**BRIEF:**
Write out exactly, and only, the lines below from the line with "夏天金色麦田秋天节气小麦成熟秋收插画" through the line with "The Whitney freestanding"; pictures do not belong in the copy.

[Stored items]
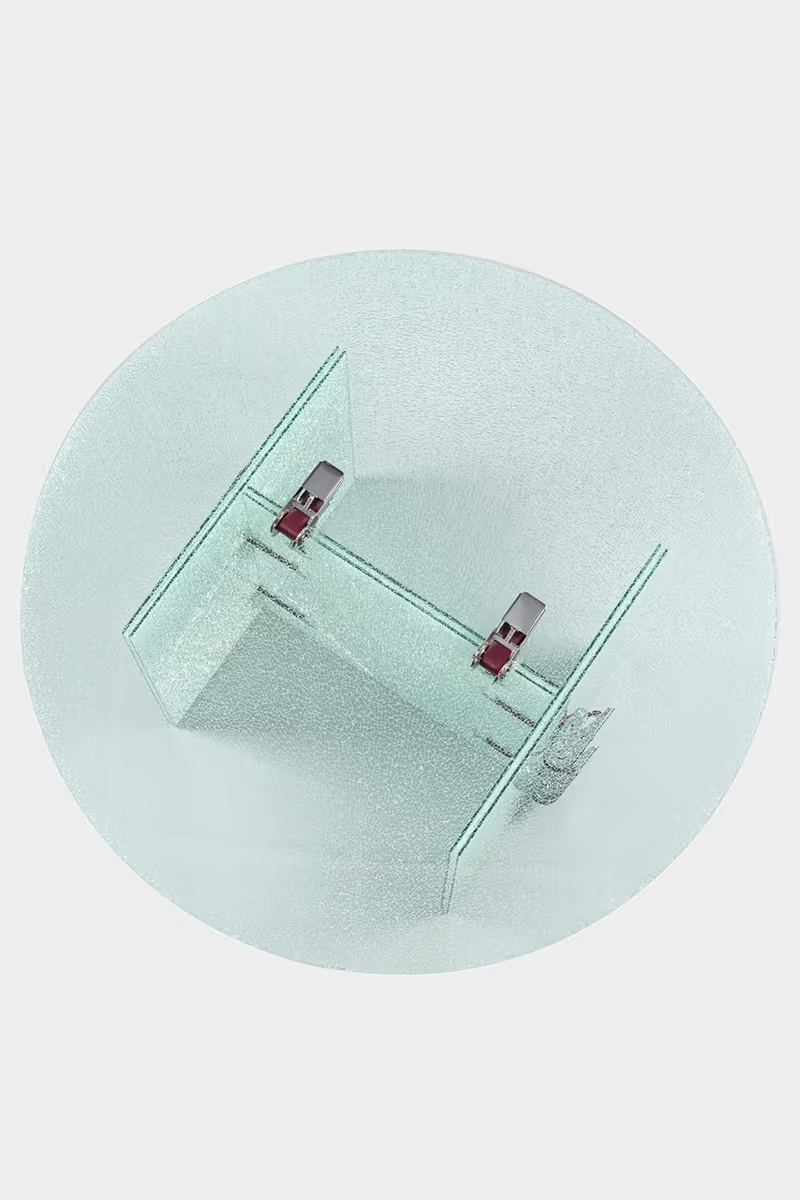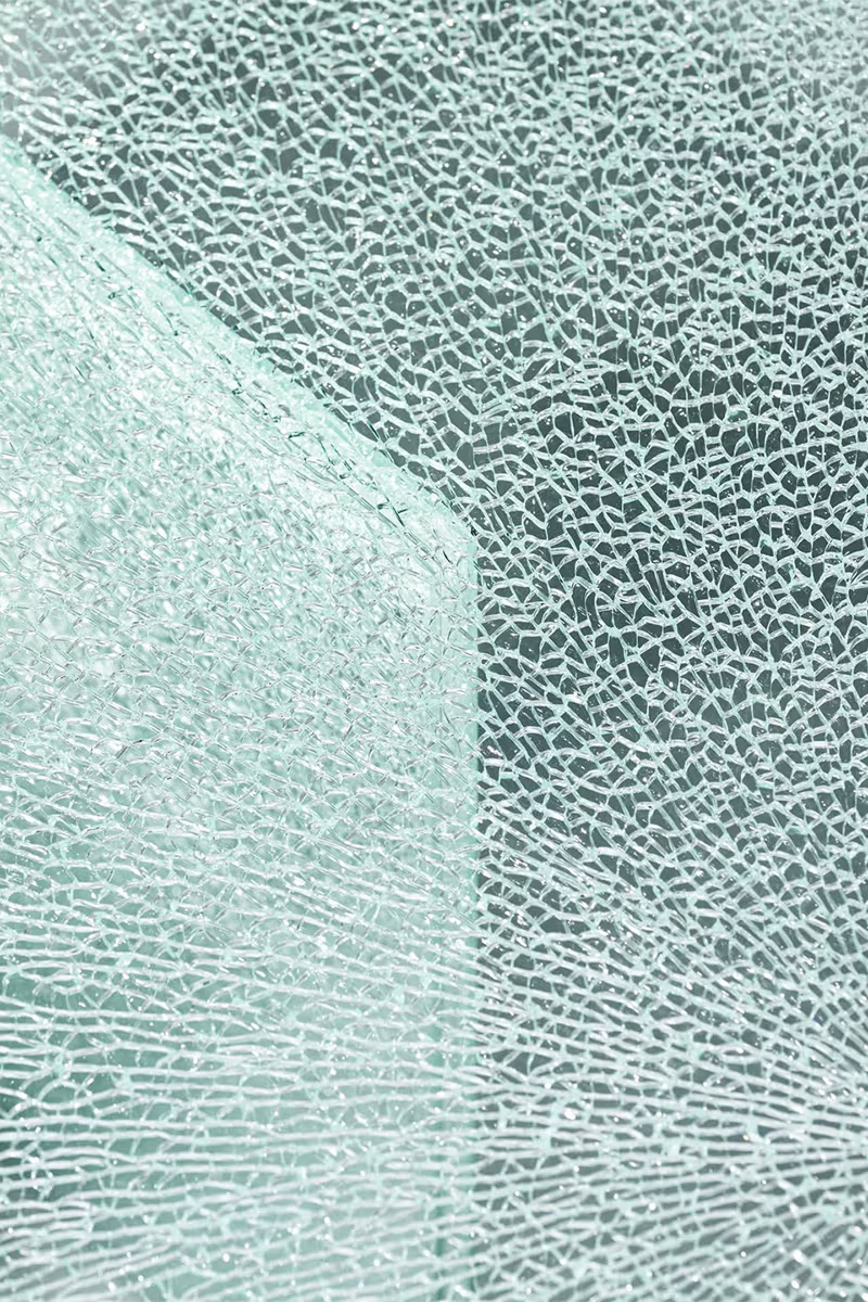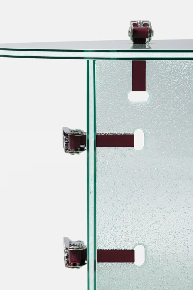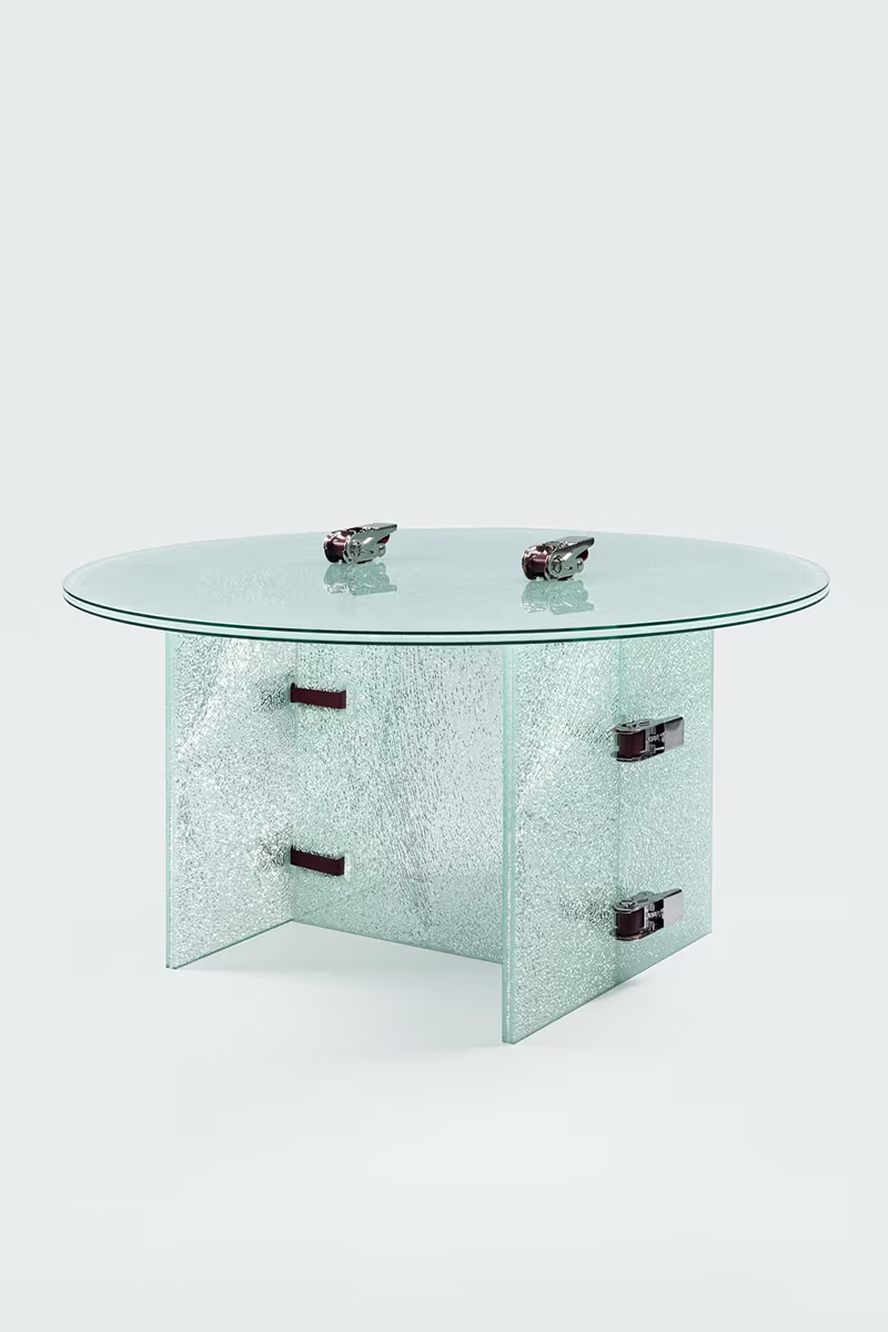 该桌子的结构由三层夹层钢化玻璃组成,其中中间一层被特意击碎。由于碎裂层被夹在另外两片完整玻璃之间,桌面依然保持平滑与安全,同时呈现出独特的光影纹理——当光线穿过破碎的内层时,会产生折射、弯曲与散射,形成闪烁的失真感与细腻的表面肌理,这是普通平整玻璃无法达到的效果。
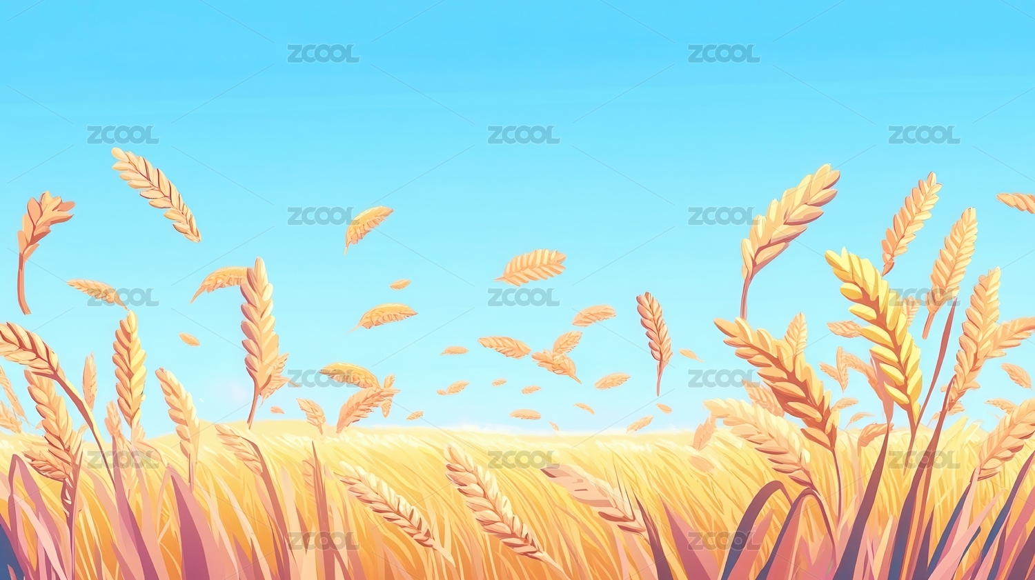 夏天金色麦田秋天节气小麦成熟秋收插画
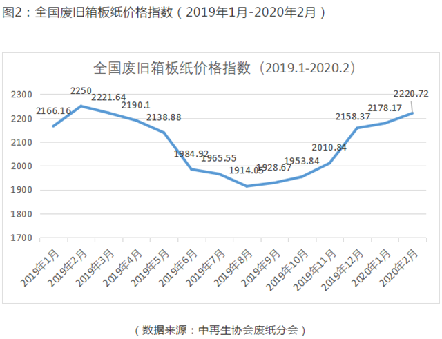圖1:全國瓦楞紙平均價(jià)格走勢(2019年1月-2020年2月)
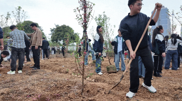 植樹現(xiàn)場,大家分工協(xié)作,清理雜草、揮鍬鏟土、扶苗培土、提桶澆水,有條不紊,熱火朝天。通過師生的共同努力,校園環(huán)境變得更加整潔、美觀,充滿了生機(jī)與活力。
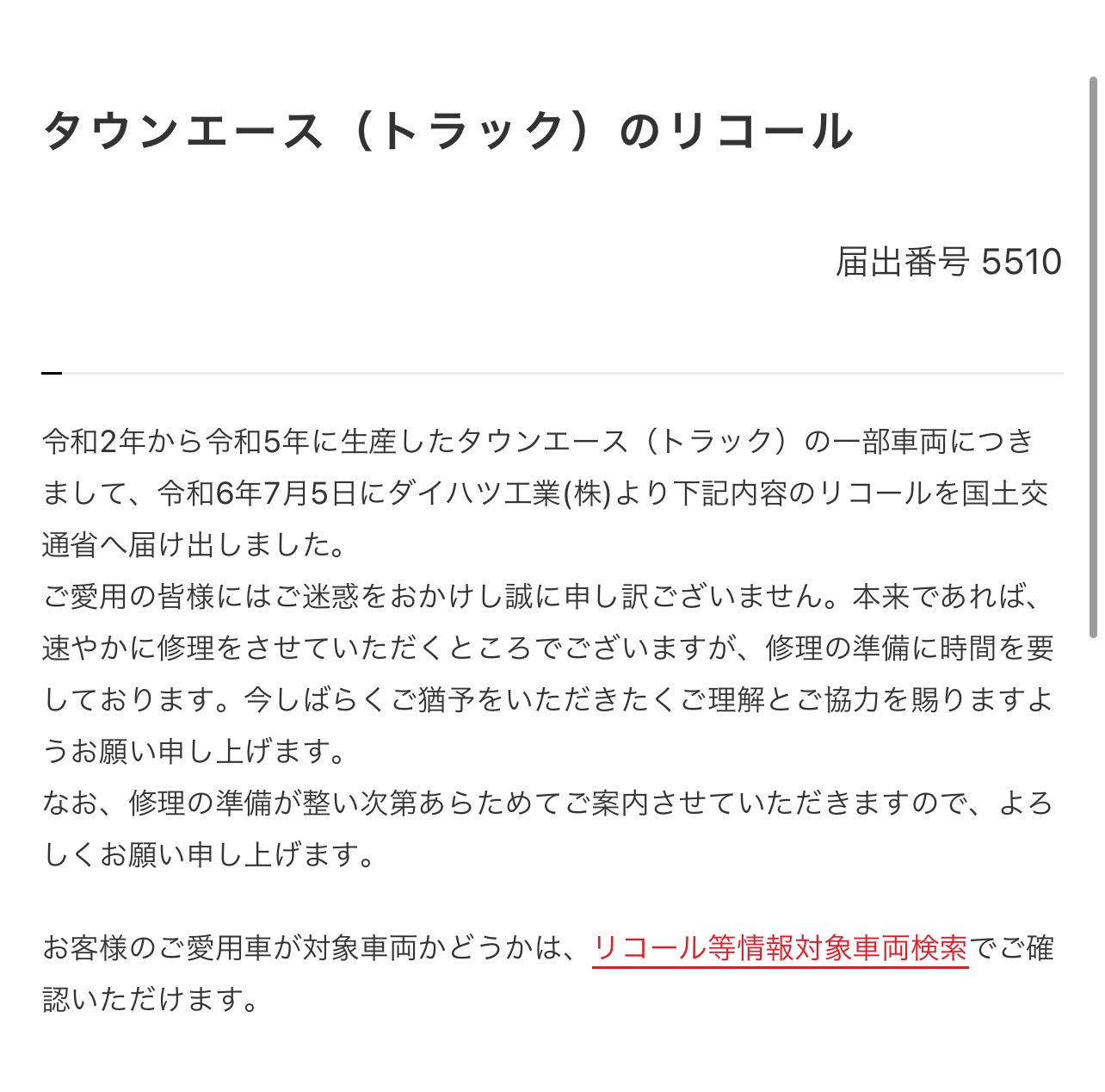 水面下で準備を進めているスペイカーのベース車である、TOYOTAタウンエーストラックが、リコール対象となりました。
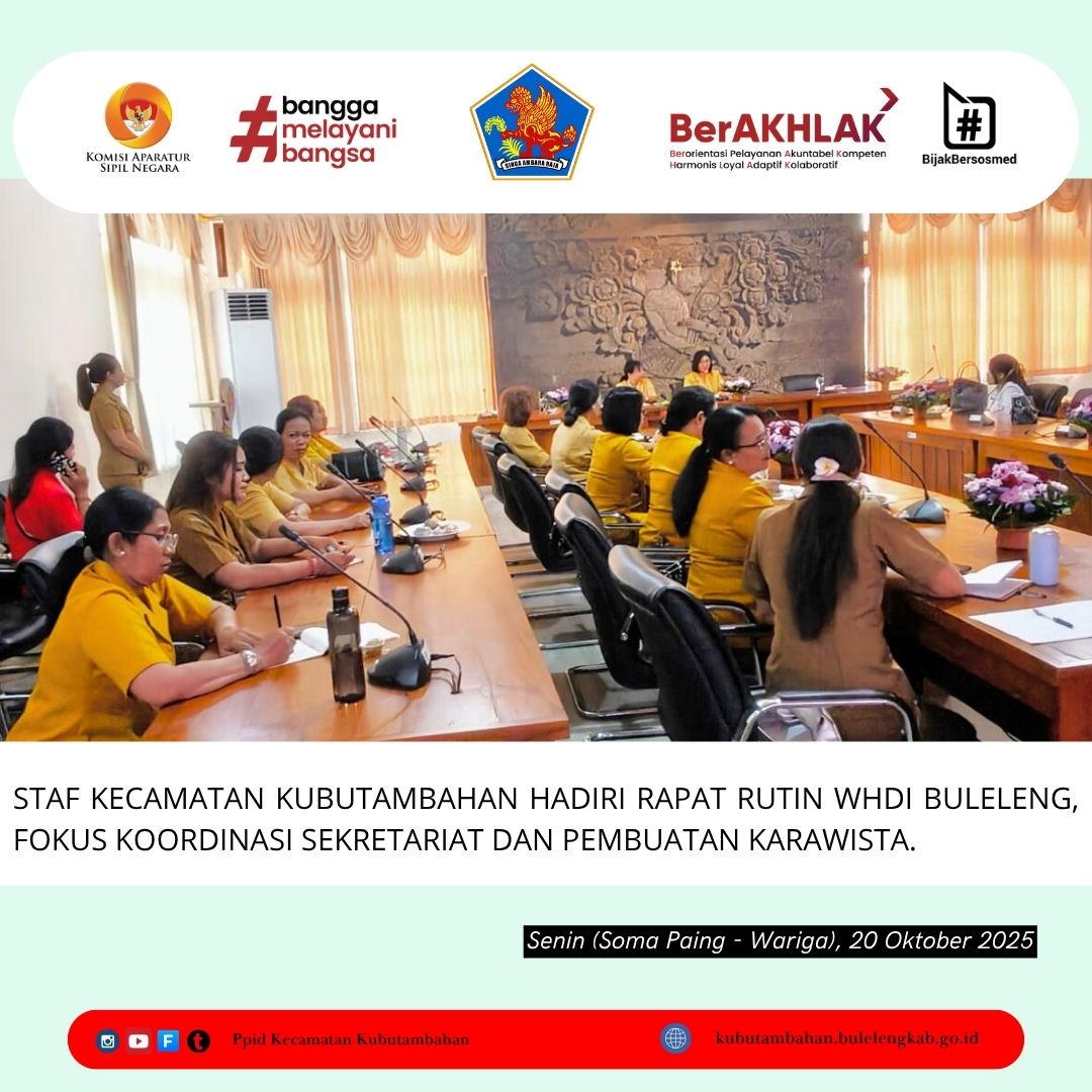 Buleleng - Mewakili WHDI Kecamatan Kubutambahan, Staf Kadek Suwarningsih menghadiri rapat rutin Wanita Hindu Dharma Indonesia (WHDI) Kabupaten Buleleng, di Ruang Rapat Rumah Jabatan Bupati Buleleng, Senin (20/10).
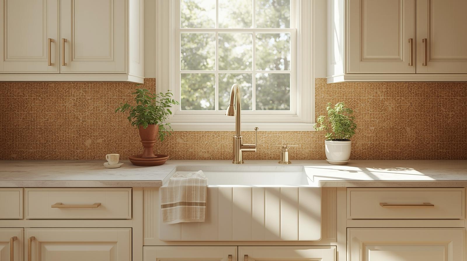 Dressing the kitchen window in a linen Roman blind rather than curtains or shutters introduces a soft, tailored warmth to the window treatment that complements the warm neutral kitchen palette with quiet refinement. Choose unbleached natural linen, warm oatmeal, or soft cream fabric for a tone that recedes gently into the overall palette without creating contrast. When raised, the neatly folded blind frames the window cleanly. When lowered, it fills the kitchen with a beautifully diffused, warm light that transforms the quality of the entire space throughout the day.
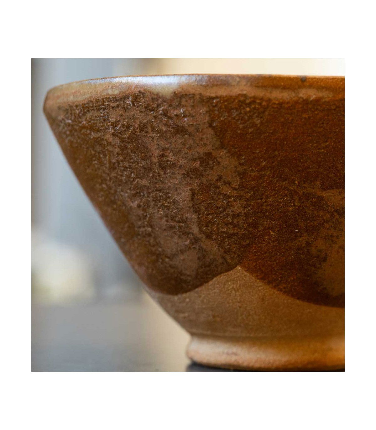 El material elegido, una arcilla refractaria de alta resistencia, permite una cocción que potencia la textura y la firmeza, ofreciendo una base robusta y cálida. Cada cuenco ha sido esmaltado en atmósfera de oxidación, logrando un acabado satinado en tonos crema, salpicado sutilmente de motas negras que evocan la quietud de una piedra antigua bañada por la bruma. El interior revela matices que invitan a contemplar el color vibrante del matcha, convirtiendo el acto de beber en un ritual estético.
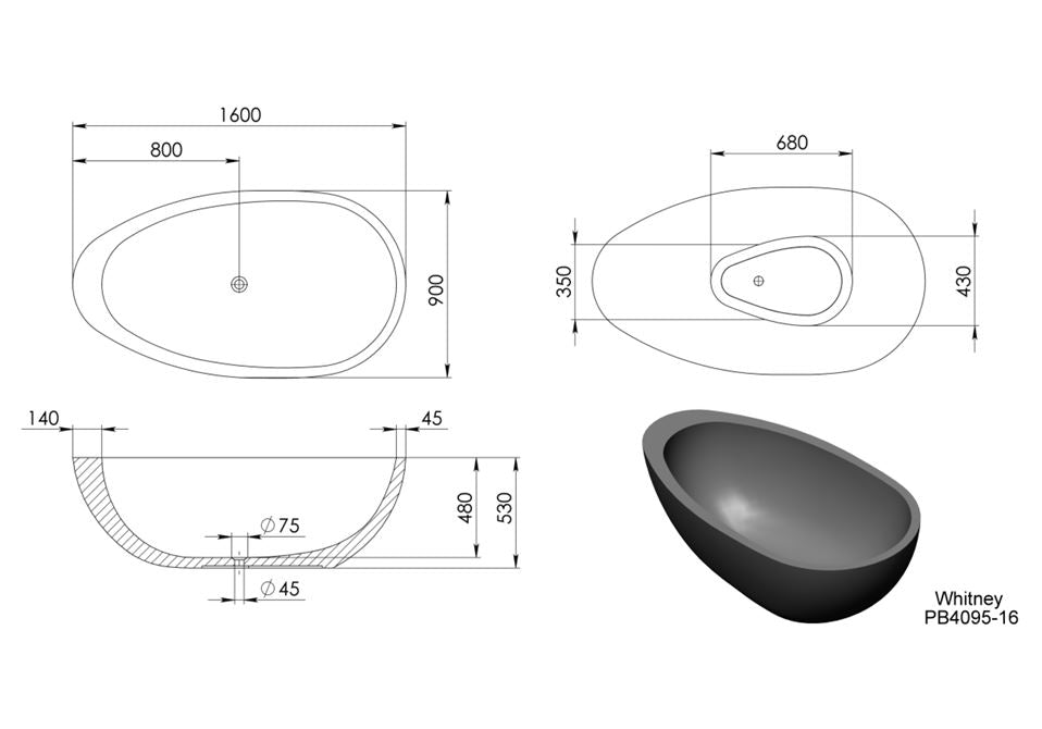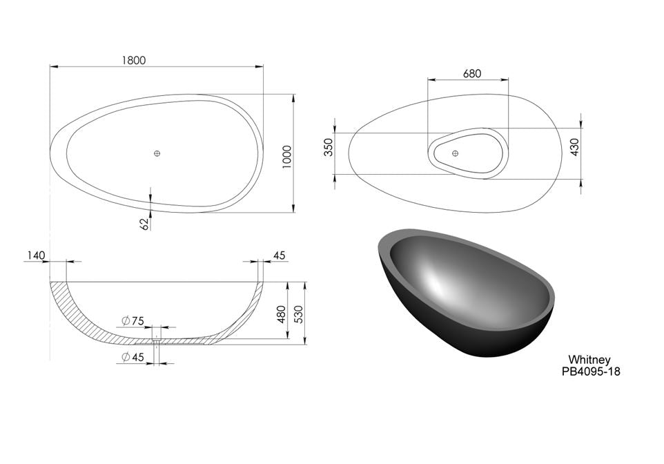 The Whitney freestanding bath presents a free-flowing design with beautiful curves, smooth lines and a thickened rimmed edge on one side. The Whitney stone bath is a statement piece that will bring a sense of tranquility into your bathroom.
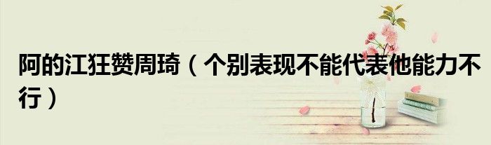 大家好,綜合小編來為大家講解下。阿的江狂贊周琦,個別表現不能代表他能力不行很多人還不知道,現在讓我們一起來看看吧!
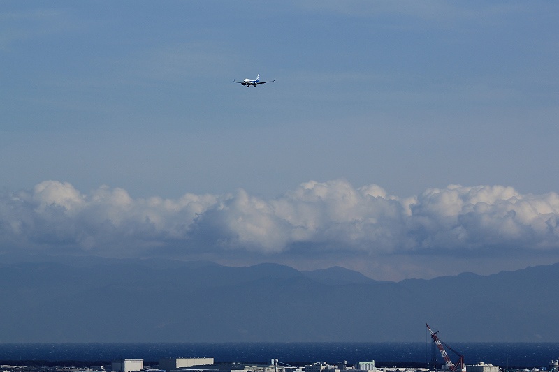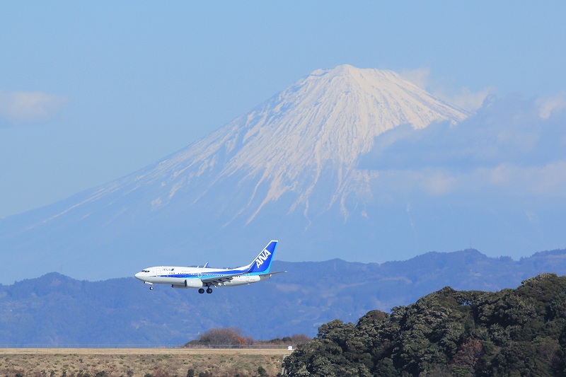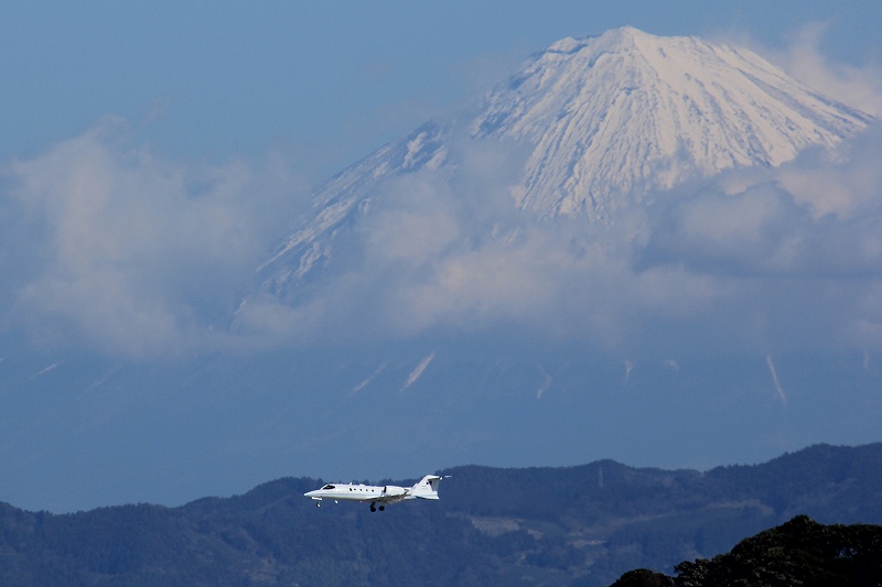 自分の非力なレンズでは遠すぎてどうせダメだろうと思っていましたが、よく考えてみたら飛行場と撮影ポイントの距離差に比べて富士山と自分の距離の差は無視できるほど小さいので、いままで富士山を一杯に撮れていたレンズならちょっと離れたポイントであっても富士山はほぼ同じ大きさで映る訳で。

**ANSWER SPACE:**
 夏天金色麦田秋天节气小麦成熟秋收插画
圖1:全國瓦楞紙平均價(jià)格走勢(2019年1月-2020年2月)
 植樹現(xiàn)場,大家分工協(xié)作,清理雜草、揮鍬鏟土、扶苗培土、提桶澆水,有條不紊,熱火朝天。通過師生的共同努力,校園環(huán)境變得更加整潔、美觀,充滿了生機(jī)與活力。
 水面下で準備を進めているスペイカーのベース車である、TOYOTAタウンエーストラックが、リコール対象となりました。
 Buleleng - Mewakili WHDI Kecamatan Kubutambahan, Staf Kadek Suwarningsih menghadiri rapat rutin Wanita Hindu Dharma Indonesia (WHDI) Kabupaten Buleleng, di Ruang Rapat Rumah Jabatan Bupati Buleleng, Senin (20/10).
 Dressing the kitchen window in a linen Roman blind rather than curtains or shutters introduces a soft, tailored warmth to the window treatment that complements the warm neutral kitchen palette with quiet refinement. Choose unbleached natural linen, warm oatmeal, or soft cream fabric for a tone that recedes gently into the overall palette without creating contrast. When raised, the neatly folded blind frames the window cleanly. When lowered, it fills the kitchen with a beautifully diffused, warm light that transforms the quality of the entire space throughout the day.
 El material elegido, una arcilla refractaria de alta resistencia, permite una cocción que potencia la textura y la firmeza, ofreciendo una base robusta y cálida. Cada cuenco ha sido esmaltado en atmósfera de oxidación, logrando un acabado satinado en tonos crema, salpicado sutilmente de motas negras que evocan la quietud de una piedra antigua bañada por la bruma. El interior revela matices que invitan a contemplar el color vibrante del matcha, convirtiendo el acto de beber en un ritual estético.
 The Whitney freestanding bath presents a free-flowing design with beautiful curves, smooth lines and a thickened rimmed edge on one side. The Whitney stone bath is a statement piece that will bring a sense of tranquility into your bathroom.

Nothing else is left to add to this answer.